• Advertising Injuries: Are You Covered?
  • April 29, 2003 | Author: Sarah B. Knowlton
  • Law Firm: McLane, Graf, Raulerson & Middleton Professional Association - Portsmouth Office
  • Has your business ever been sued, or threatened with suit, because your product allegedly looks too similar to another business product? You may be tempted to change your product's design, simply to avoid the cost of defending a lawsuit. But your business may be insured for this sort of claim.

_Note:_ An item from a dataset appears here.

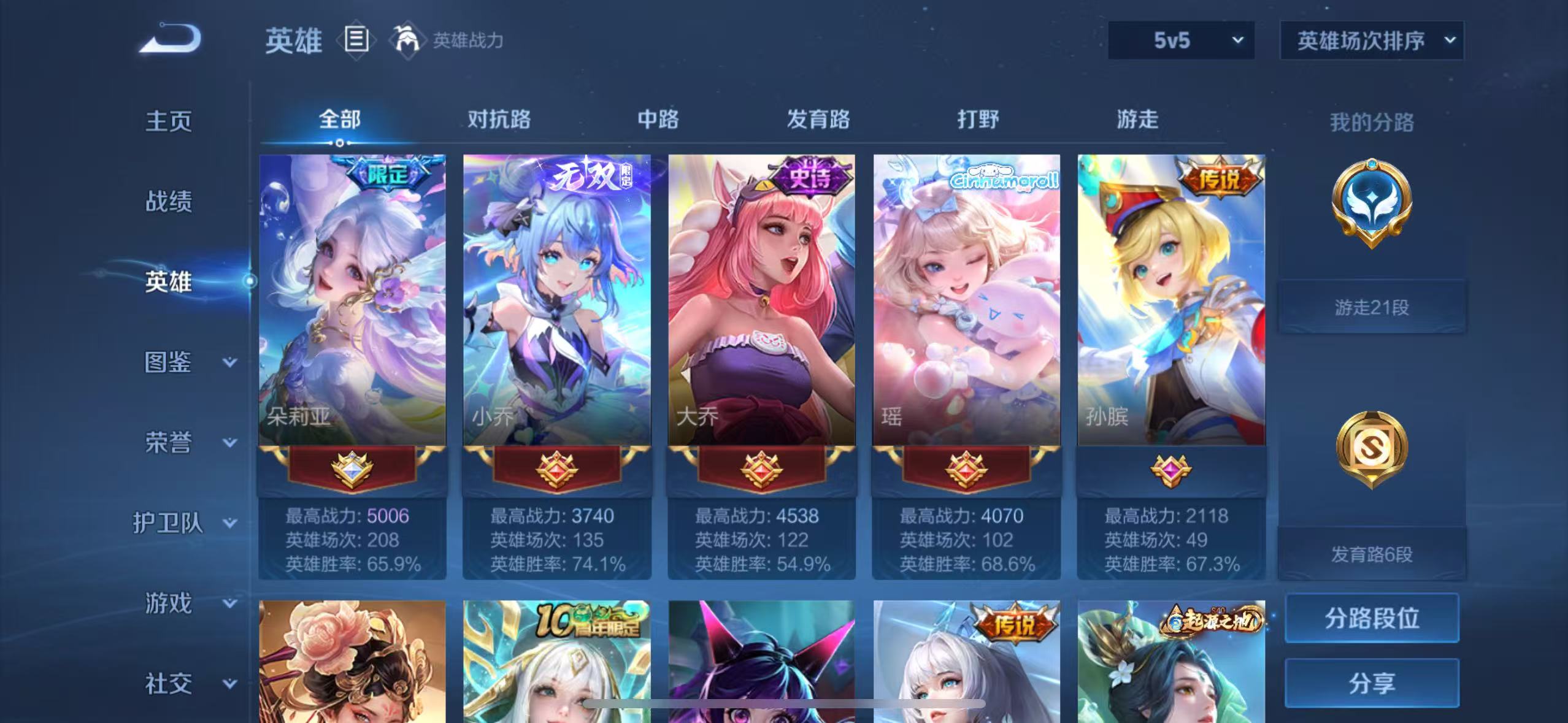 安卓Q-尊贵铂金IV-125英雄-206皮肤-1典藏-6传说-49史诗

    Insurance coverage of advertising injuries became more likely in New Hampshire as a result of a recent decision by the U.S. District Court for the District of New Hampshire. Under EKCO Group v. Travelers Indemnity Co., insurers now must pay for the defense of trade dress and design patent infringement claims under insurance policies that cover "advertising injuries." Most broad form commercial liability policies provide coverage for advertising injuries.

    The case arose out of litigation between EKCO and a company named Chantal, which manufactures tea kettles. Chantal brought suit against EKCO, claiming that EKCO's tea kettles so resembled Chantal's that they would likely cause confusion among consumers as to the source of the tea kettles. Chantal's claim - that it owned the trade dress rights in its tea kettles - was premised on the similarity of the overall appearance, visual impression, finish, size, shape, contour, fixtures, texture, color and materials of its tea kettles. The essence of Chantal's claim was that its tea kettles were so well known that consumers had come to identify the tea kettles as a symbol of the company. Thus, consumers would assume that any tea kettle with a similar design would be manufactured by Chantal.

    EKCO and Chantal settled the lawsuit, and EKCO brought a claim under its commercial general liability policy with Travelers for coverage of the cost of its defense of Chantal's claims, and for the amount of the settlement. EKCO brought its claim based on language in its policy which provided for coverage of "advertising injuries." The EKCO policy provided coverage for advertising injuries arising out of (i) oral or written publication of material that slanders or libels a person or organization or disparages a person's or organization's goods, products or services; (ii) oral or written publication of material that violates a person's right to privacy; (iii) misappropriation of advertising ideas or style of doing business; or (iv) infringement of copyright, title or slogan.

    Travelers contested coverage, claiming that trade dress infringement did not constitute an advertising injury as defined by the policy. At issue in this case was the prong of the "advertising injury" policy language which provides coverage for injuries stemming from the "misappropriation of ...a style of doing business." EKCO argued that Chantal's claims of trade dress infringement arose out of EKCO's alleged misappropriation of Chantal's style of doing business - the copying of the appearance and design of the Chantal tea kettles. The court agreed with EKCO, holding for the first time that trade dress infringement is a "misappropriation of a style of doing business," and thereby an advertising injury as contemplated by the policy.

    The court then considered whether EKCO had engaged in any advertising that would have caused Chantal's trade dress injuries. Since the word "advertising" was not defined in the Travelers policy, the court looked to the dictionary for the common meaning of the word, finding that "advertising" was "the act or practice of calling public attention to one's product, service, need, etc., especially by paid announcement in newspapers and magazines, over radio or television, on billboards, etc." The court then ruled that even though there was no allegation that EKCO had engaged in an advertising campaign for its product, the sale of the tea kettles alone was sufficient to call public attention to the appearance of the product, thereby meeting the definition of "advertising." As a result of the decision, Travelers was forced to provide coverage to EKCO under its policy.

    Using a similar analysis, the author of this article obtained advertising injury insurance coverage on behalf of a New Hampshire client alleged to be selling a line of clothing that infringed upon the trade dress of a large national clothing supplier. The ECKO decision is important for New Hampshire businesses because it opens up insurance coverage for a broad array of trade dress and design patent claims that may not have been covered previously. Businesses faced with such claims may have their defense costs covered if a claim is made under the policy - provided that the policy covers "advertising injuries." All businesses should check their commercial general liability policies to ensure that "advertising injuries" are covered and if not, to request coverage immediately.